*DESCRIPTION OF THE TASK*
Output the entries in full and verbatim, pictures omitted.

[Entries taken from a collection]
------------------------

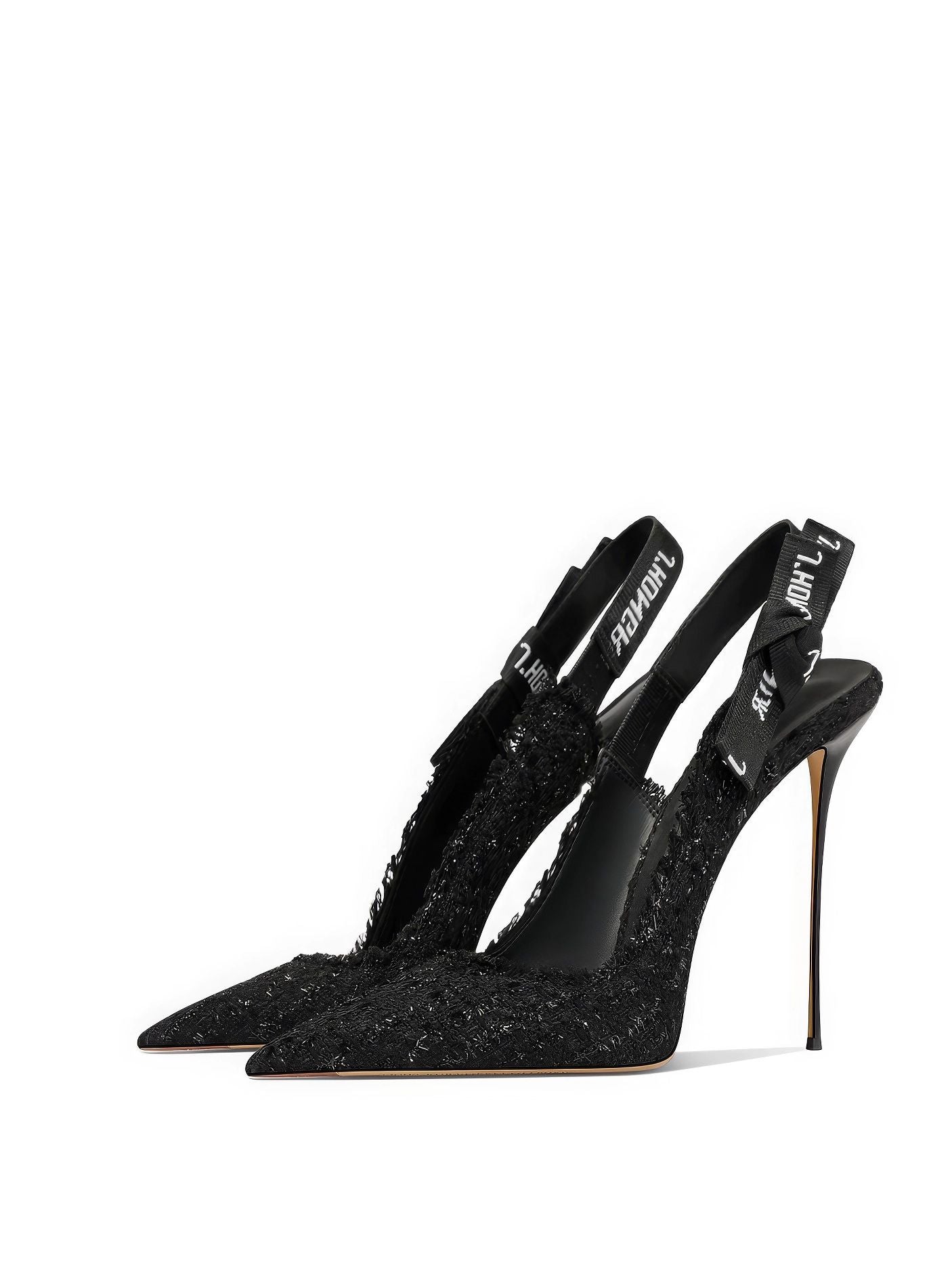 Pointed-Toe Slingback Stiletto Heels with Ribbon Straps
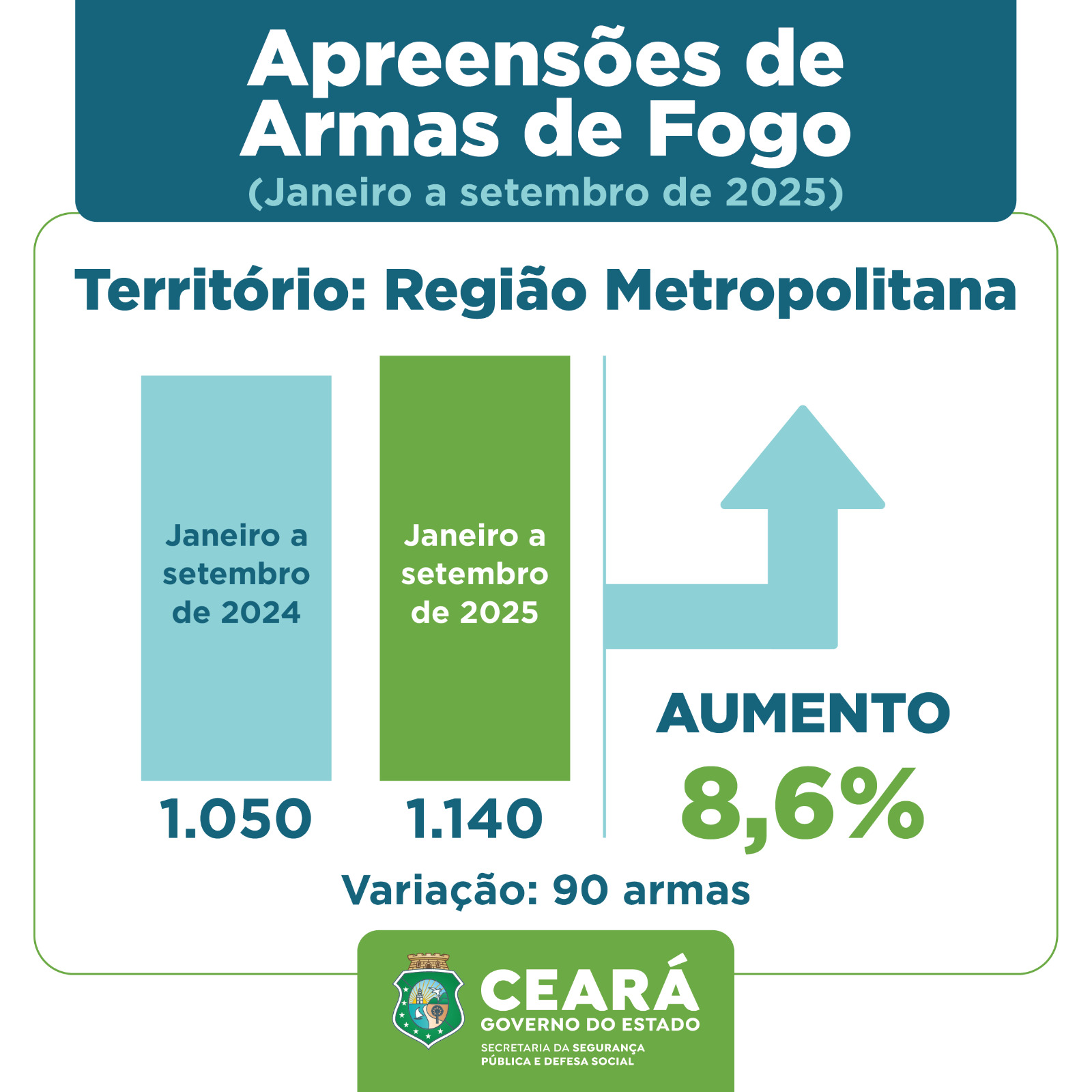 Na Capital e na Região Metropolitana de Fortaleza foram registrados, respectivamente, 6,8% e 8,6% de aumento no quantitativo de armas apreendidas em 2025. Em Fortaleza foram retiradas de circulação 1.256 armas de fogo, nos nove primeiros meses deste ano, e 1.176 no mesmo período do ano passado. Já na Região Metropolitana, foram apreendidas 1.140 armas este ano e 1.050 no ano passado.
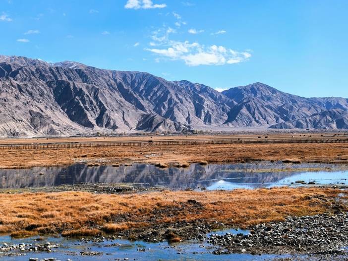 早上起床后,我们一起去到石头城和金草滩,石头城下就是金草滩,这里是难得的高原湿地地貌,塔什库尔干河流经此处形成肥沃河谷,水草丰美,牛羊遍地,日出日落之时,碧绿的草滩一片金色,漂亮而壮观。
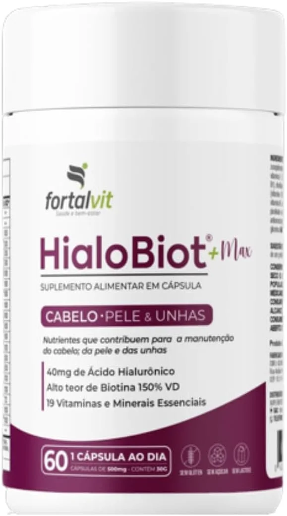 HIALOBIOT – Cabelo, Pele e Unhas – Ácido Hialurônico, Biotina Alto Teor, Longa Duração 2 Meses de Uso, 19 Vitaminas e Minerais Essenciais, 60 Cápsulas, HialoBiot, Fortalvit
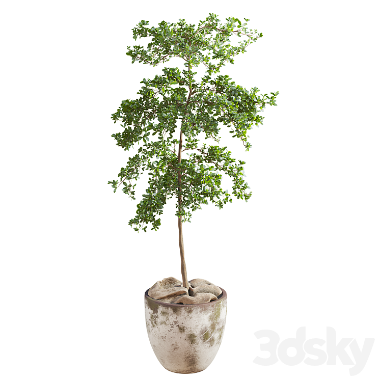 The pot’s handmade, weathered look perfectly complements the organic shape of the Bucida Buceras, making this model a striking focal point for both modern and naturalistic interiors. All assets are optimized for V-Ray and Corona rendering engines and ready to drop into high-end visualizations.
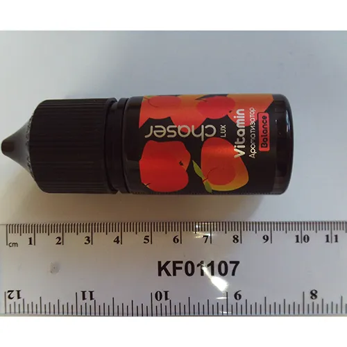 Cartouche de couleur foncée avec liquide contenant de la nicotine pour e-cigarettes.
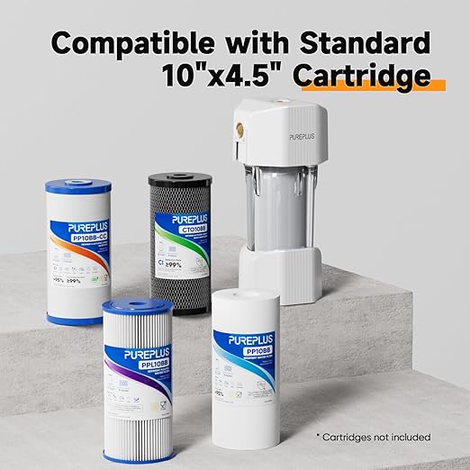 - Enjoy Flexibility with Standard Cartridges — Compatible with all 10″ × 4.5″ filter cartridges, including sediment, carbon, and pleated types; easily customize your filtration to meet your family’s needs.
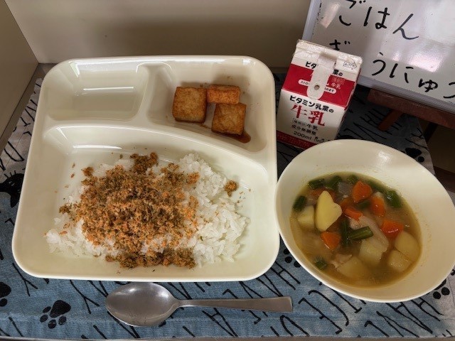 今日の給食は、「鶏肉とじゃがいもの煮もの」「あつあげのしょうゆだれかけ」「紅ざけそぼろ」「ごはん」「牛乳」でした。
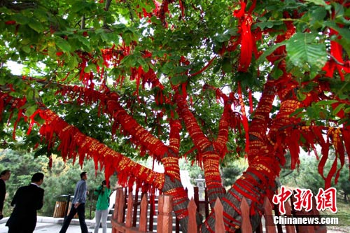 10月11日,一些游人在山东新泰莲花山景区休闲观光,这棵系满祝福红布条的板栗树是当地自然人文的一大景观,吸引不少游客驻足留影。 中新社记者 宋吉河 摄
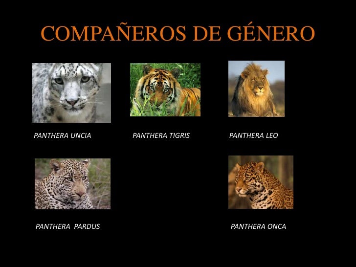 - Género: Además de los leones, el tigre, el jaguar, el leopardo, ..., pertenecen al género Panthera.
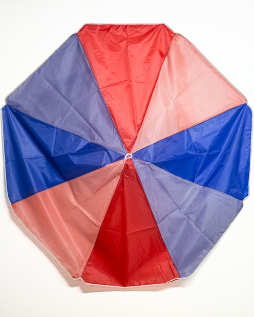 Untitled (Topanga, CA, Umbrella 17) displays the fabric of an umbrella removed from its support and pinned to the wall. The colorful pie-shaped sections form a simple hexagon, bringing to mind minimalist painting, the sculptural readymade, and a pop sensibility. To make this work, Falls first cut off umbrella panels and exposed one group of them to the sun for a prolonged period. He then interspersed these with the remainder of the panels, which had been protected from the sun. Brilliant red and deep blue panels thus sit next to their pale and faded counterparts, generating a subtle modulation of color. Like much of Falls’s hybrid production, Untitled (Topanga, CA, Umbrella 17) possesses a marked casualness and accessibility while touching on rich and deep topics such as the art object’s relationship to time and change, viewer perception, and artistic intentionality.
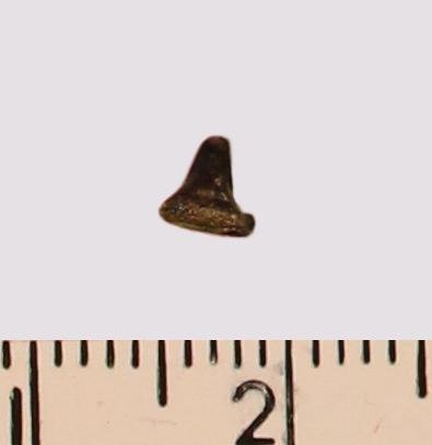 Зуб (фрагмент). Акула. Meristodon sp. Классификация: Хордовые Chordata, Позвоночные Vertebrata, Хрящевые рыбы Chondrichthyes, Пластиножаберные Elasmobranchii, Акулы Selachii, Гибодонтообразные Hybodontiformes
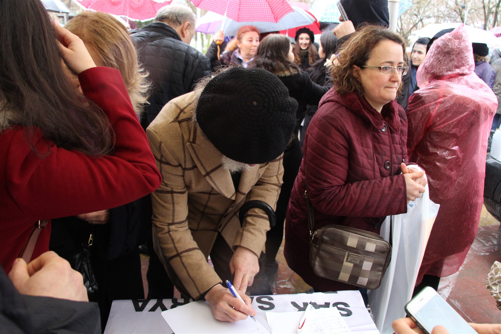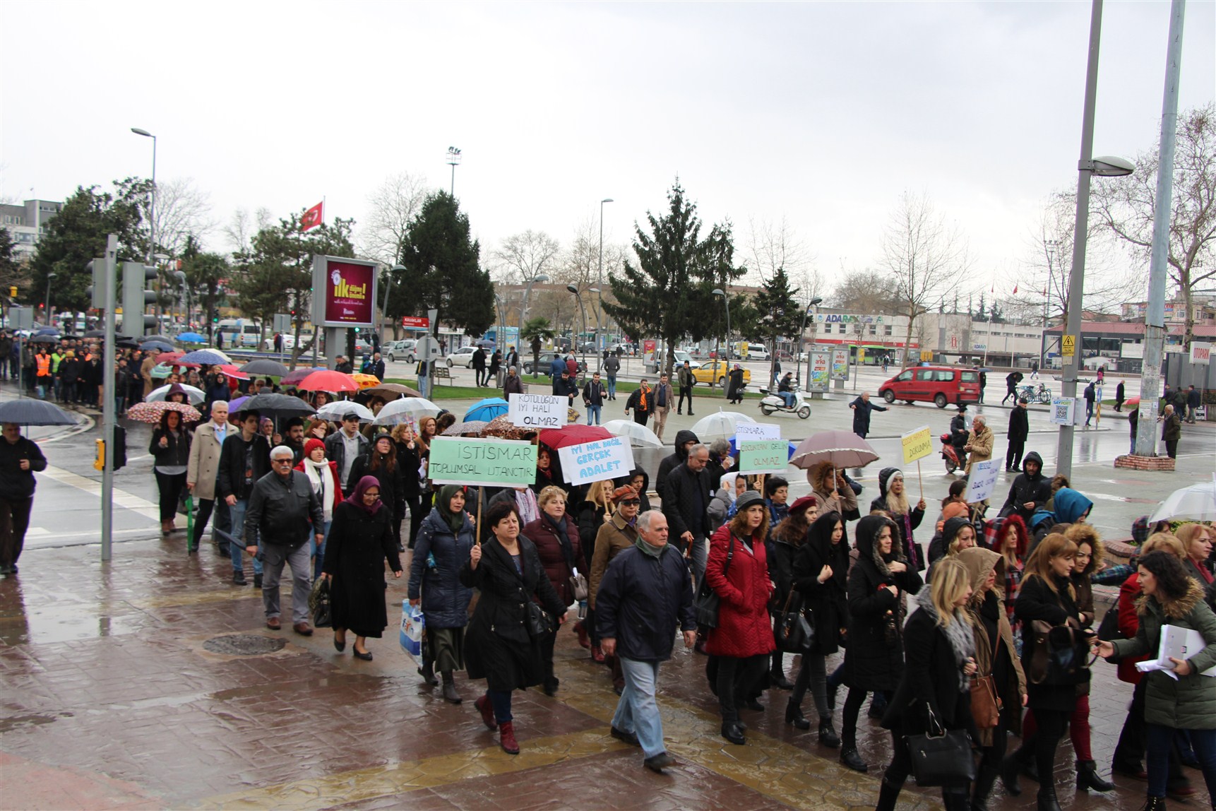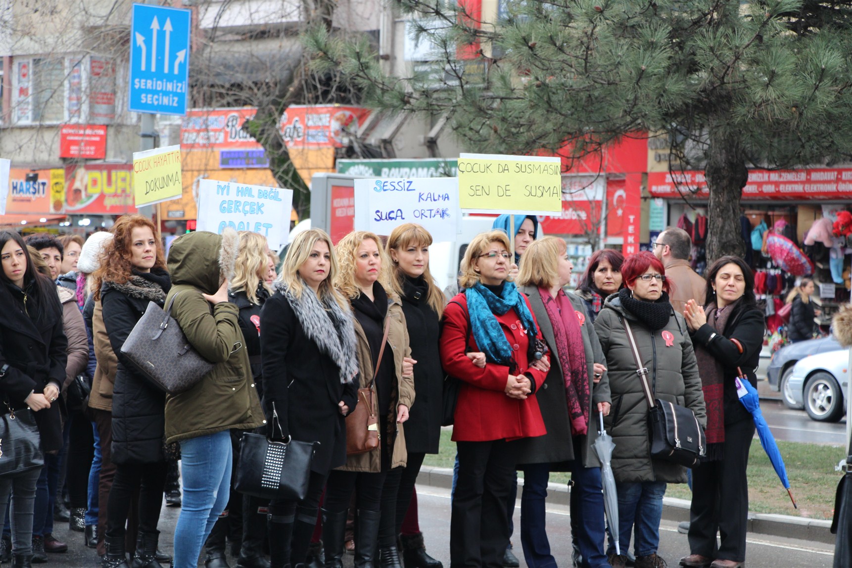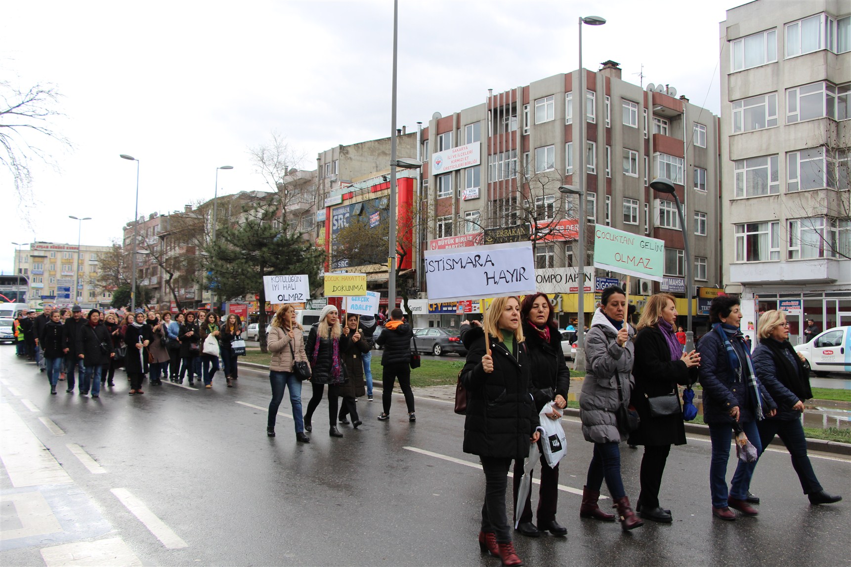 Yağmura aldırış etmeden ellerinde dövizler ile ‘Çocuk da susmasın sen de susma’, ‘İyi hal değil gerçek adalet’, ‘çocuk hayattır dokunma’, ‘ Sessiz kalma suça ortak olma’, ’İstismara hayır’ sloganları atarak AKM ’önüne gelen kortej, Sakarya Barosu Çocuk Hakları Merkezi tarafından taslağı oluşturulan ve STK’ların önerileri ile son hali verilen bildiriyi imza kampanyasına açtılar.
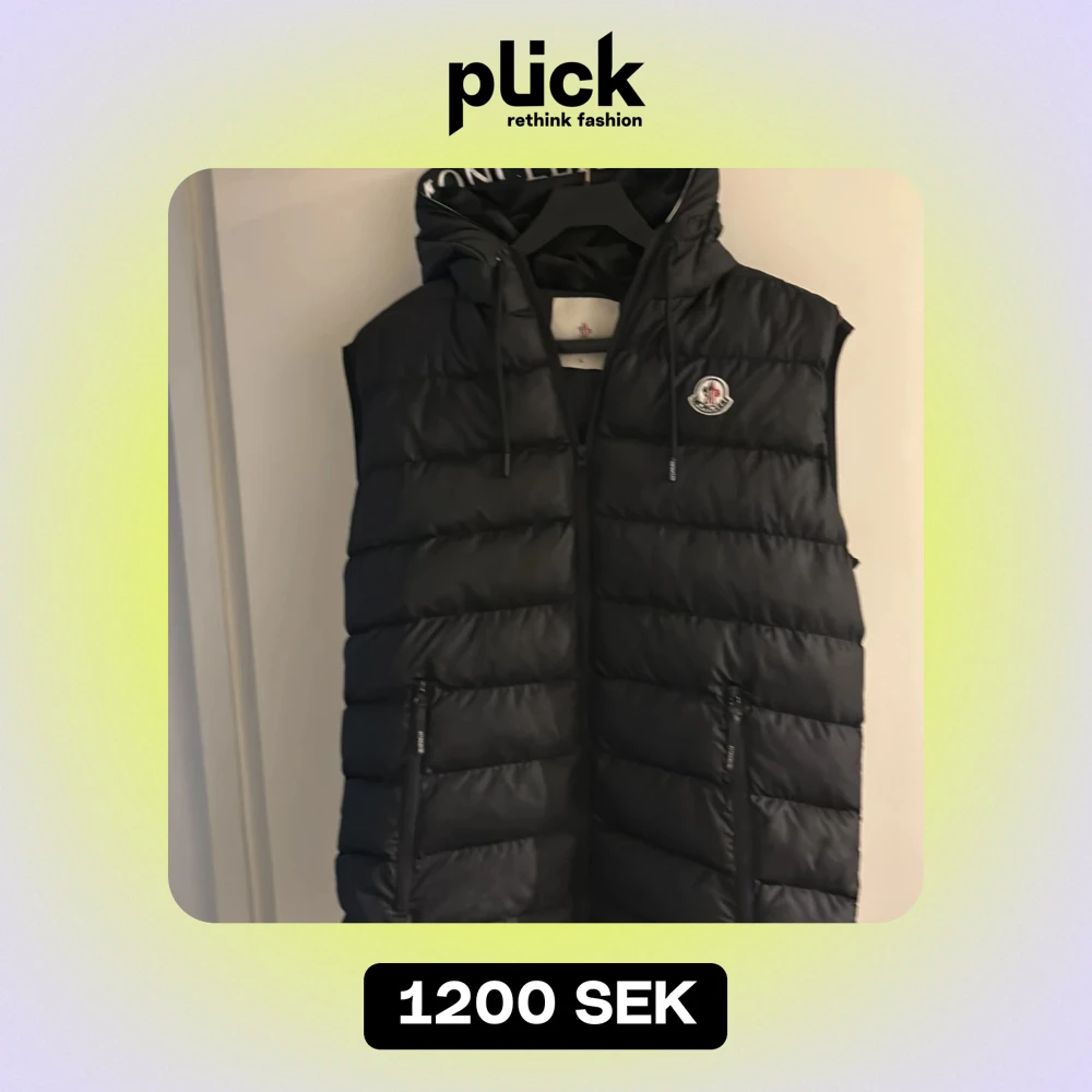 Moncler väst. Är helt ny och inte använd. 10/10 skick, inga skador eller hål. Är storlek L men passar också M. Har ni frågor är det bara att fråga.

------------------------

*WORKED SOLUTION*
 Pointed-Toe Slingback Stiletto Heels with Ribbon Straps
 Na Capital e na Região Metropolitana de Fortaleza foram registrados, respectivamente, 6,8% e 8,6% de aumento no quantitativo de armas apreendidas em 2025. Em Fortaleza foram retiradas de circulação 1.256 armas de fogo, nos nove primeiros meses deste ano, e 1.176 no mesmo período do ano passado. Já na Região Metropolitana, foram apreendidas 1.140 armas este ano e 1.050 no ano passado.
 早上起床后,我们一起去到石头城和金草滩,石头城下就是金草滩,这里是难得的高原湿地地貌,塔什库尔干河流经此处形成肥沃河谷,水草丰美,牛羊遍地,日出日落之时,碧绿的草滩一片金色,漂亮而壮观。
 HIALOBIOT – Cabelo, Pele e Unhas – Ácido Hialurônico, Biotina Alto Teor, Longa Duração 2 Meses de Uso, 19 Vitaminas e Minerais Essenciais, 60 Cápsulas, HialoBiot, Fortalvit
 The pot’s handmade, weathered look perfectly complements the organic shape of the Bucida Buceras, making this model a striking focal point for both modern and naturalistic interiors. All assets are optimized for V-Ray and Corona rendering engines and ready to drop into high-end visualizations.
 Cartouche de couleur foncée avec liquide contenant de la nicotine pour e-cigarettes.
 - Enjoy Flexibility with Standard Cartridges — Compatible with all 10″ × 4.5″ filter cartridges, including sediment, carbon, and pleated types; easily customize your filtration to meet your family’s needs.
 今日の給食は、「鶏肉とじゃがいもの煮もの」「あつあげのしょうゆだれかけ」「紅ざけそぼろ」「ごはん」「牛乳」でした。
 10月11日,一些游人在山东新泰莲花山景区休闲观光,这棵系满祝福红布条的板栗树是当地自然人文的一大景观,吸引不少游客驻足留影。 中新社记者 宋吉河 摄
 - Género: Además de los leones, el tigre, el jaguar, el leopardo, ..., pertenecen al género Panthera.
 Untitled (Topanga, CA, Umbrella 17) displays the fabric of an umbrella removed from its support and pinned to the wall. The colorful pie-shaped sections form a simple hexagon, bringing to mind minimalist painting, the sculptural readymade, and a pop sensibility. To make this work, Falls first cut off umbrella panels and exposed one group of them to the sun for a prolonged period. He then interspersed these with the remainder of the panels, which had been protected from the sun. Brilliant red and deep blue panels thus sit next to their pale and faded counterparts, generating a subtle modulation of color. Like much of Falls’s hybrid production, Untitled (Topanga, CA, Umbrella 17) possesses a marked casualness and accessibility while touching on rich and deep topics such as the art object’s relationship to time and change, viewer perception, and artistic intentionality.
 Зуб (фрагмент). Акула. Meristodon sp. Классификация: Хордовые Chordata, Позвоночные Vertebrata, Хрящевые рыбы Chondrichthyes, Пластиножаберные Elasmobranchii, Акулы Selachii, Гибодонтообразные Hybodontiformes
 Yağmura aldırış etmeden ellerinde dövizler ile ‘Çocuk da susmasın sen de susma’, ‘İyi hal değil gerçek adalet’, ‘çocuk hayattır dokunma’, ‘ Sessiz kalma suça ortak olma’, ’İstismara hayır’ sloganları atarak AKM ’önüne gelen kortej, Sakarya Barosu Çocuk Hakları Merkezi tarafından taslağı oluşturulan ve STK’ların önerileri ile son hali verilen bildiriyi imza kampanyasına açtılar.
 Moncler väst. Är helt ny och inte använd. 10/10 skick, inga skador eller hål. Är storlek L men passar också M. Har ni frågor är det bara att fråga.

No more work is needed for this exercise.